The camps sprung up across the world. In Sydney, we woke one morning to find a video of a young boy holding a sign, hand-painted on a piece of cardboard, reading: “Thank you for the students of University of Sydney. Your voice have reached Gaza”.

More university students got involved in the movement for Palestine in semester two, as student general meetings swept the country. Everywhere they happened, hundreds of students turned out to call on their universities to cut ties with weapons companies and Israeli institutions.

The University of Queensland kicked things off. On the night of the meeting, the registration line stretched across the campus, and by the time the vote was called students had filled two huge lecture theatres. More than 1,500 students voted to support Palestine and demand the university cut ties with the major arms dealer Boeing. When the meeting finished, students marched to the chancellery in what was probably the biggest ever campus demonstration for Palestine.

Other campuses followed suit. More than 800 students mobilised at Sydney University, and 300 at the University of Western Australia. Two hundred attended at the University of Adelaide despite the right-wing student union’s attempt to stop the meeting altogether. A similarly obstructionist student union leadership couldn’t prevent 600 students from showing up at Melbourne University. On many campuses, students had to defy management’s attempts to stifle organising attempts. At Queensland University of Technology, university administrators called the police, who told activists they would remove from campus anyone who didn’t fit into the official meeting rooms.
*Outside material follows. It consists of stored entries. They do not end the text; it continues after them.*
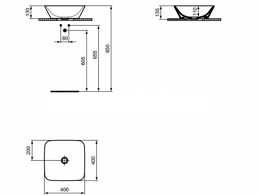 Ideal Standard Connect Air Umywalka nablatowa 40 cm kwadratowa E034701
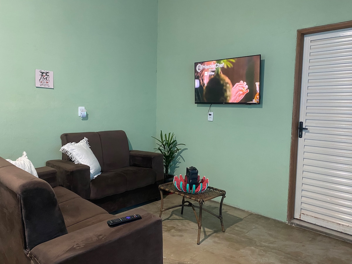 A CASA CHARME DO CERRADO é maravilhosa, próxima ao centro, aconchegante e familiar, possui 3 quartos, sendo 1 suíte e todos com ar condicionado, 1 cama de casal, outra de solteiro, enxoval completo de cama e banho, araras, maleiros e cortinas blackout. Sala com smart tv,,Sky, Netflix e wi-fi; Cozinha completa; Lavabo; Área de lazer com churrasqueira, freezer, piscina aquecida (solar), cascata e espreguiçadeiras; Redário; Garagem para 3 carros.
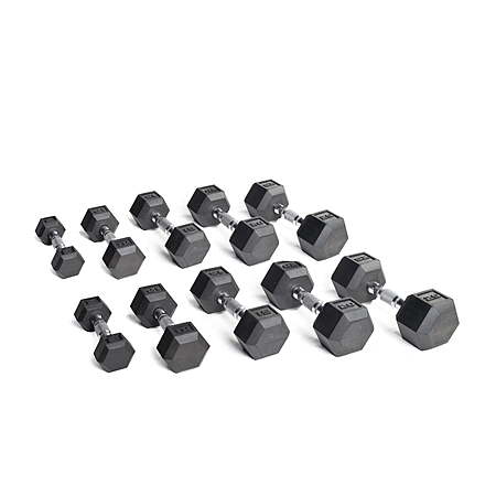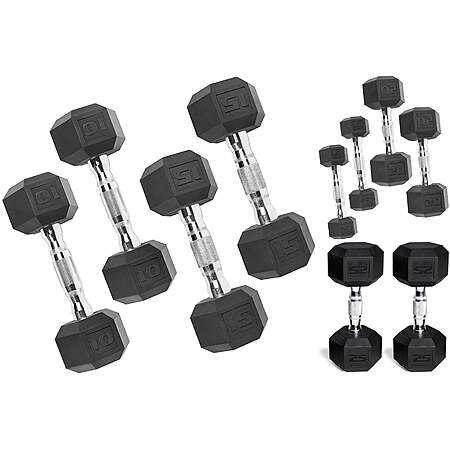 Walmart [walmart.com] has 150-Lb CAP Rubber Hex Dumbbell Set (2 x 5, 10, 15, 20, 25 pounds) for $128.97. Shipping is free.
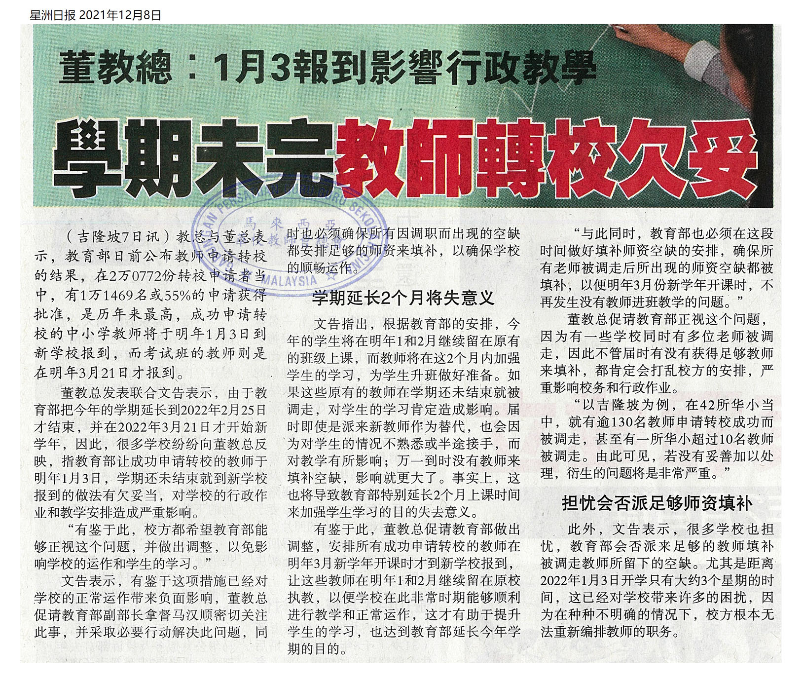 董教总:1月3报到影响行政教学 学期未完教师转校欠妥 WhatsApp 上一篇文章: 学生人数低至1人,最多150人,逾3千微小关或留 上一页 下一篇文章: 马汉顺:2020年前更多学生辍学 采取系列措施解决问题 下一页
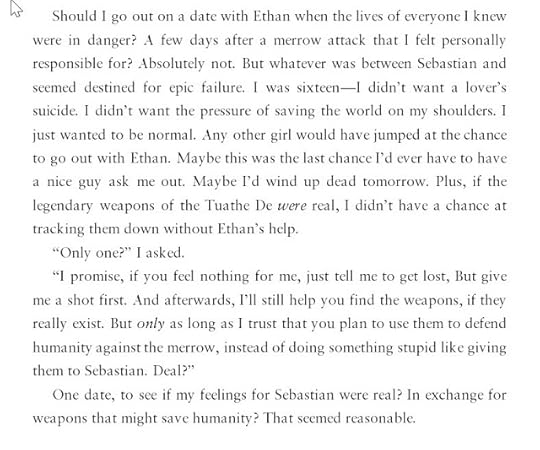 But last night, when hunters broke through the ceiling like bolts of lightning, it was my death they were after. So I couldn’t let them kill Matt. I couldn’t let him die for me. I was supposed to use the shotgun and sword Sitri gave me, but I couldn’t do it. Not when I saw Puriel. His tall, angelic form. His amber eyes and nearly white hair. The shimmering mirrored wings behind him. I couldn’t destroy something that beautiful. And I didn’t want any more deaths. I just wanted it to stop. So I offered myself to him. Let them take what they came for. In that moment, I was prepared to die.
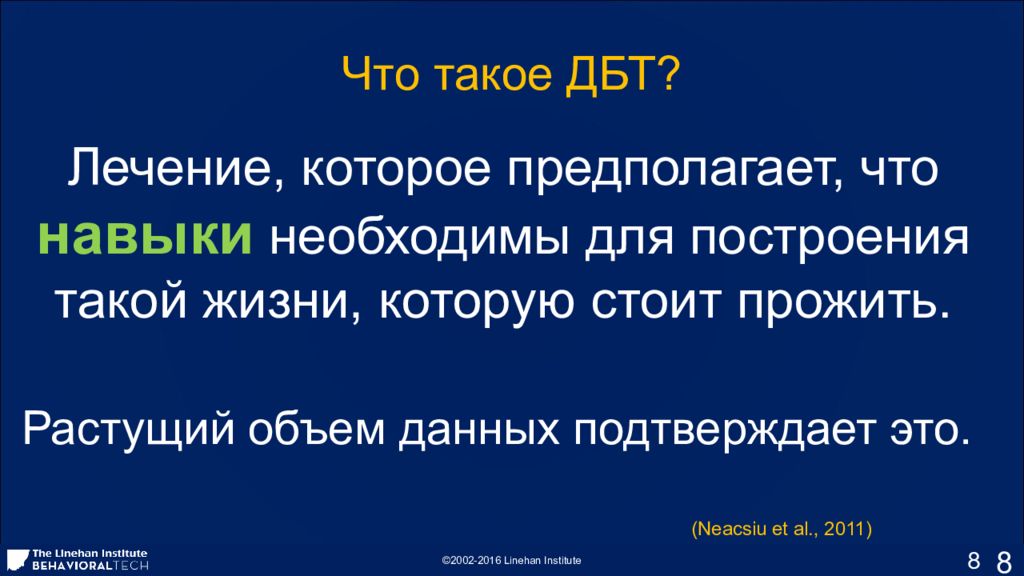 Лечение, которое предполагает, что навыки необходимы для построения такой жизни, которую стоит прожить. Растущий объем данных подтверждает это. (Neacsiu et al., 2011)

The huge numbers at these meetings demonstrated that support for Palestine has grown rapidly over the past year. But we still have a major fight on our hands.

Universities have cracked down hard on pro-Palestine activism—dozens of students have faced university disciplinary proceedings due to their activism this year. Now, under pressure from the Australian government and Zionist organisations, vice-chancellors are introducing harsh new rules like the campus access policies at Melbourne and Sydney University. These limit free speech on campus by restricting students’ right to organise protests. We now have less freedom of expression at university than we have in the streets. At Sydney University, the recent Hodgkinson External Review, commissioned to determine how to better repress dissent, recommends banning lecture announcements, the displaying of banners and protesting inside.

The past year has proved that students won’t give up easily. Gaza has shown us the lengths our government and universities will go to shut down opposition to their support for Israel during a genocide. That they feel compelled to repress the student movement shows us that we are having an impact. We won’t stop fighting for Palestine.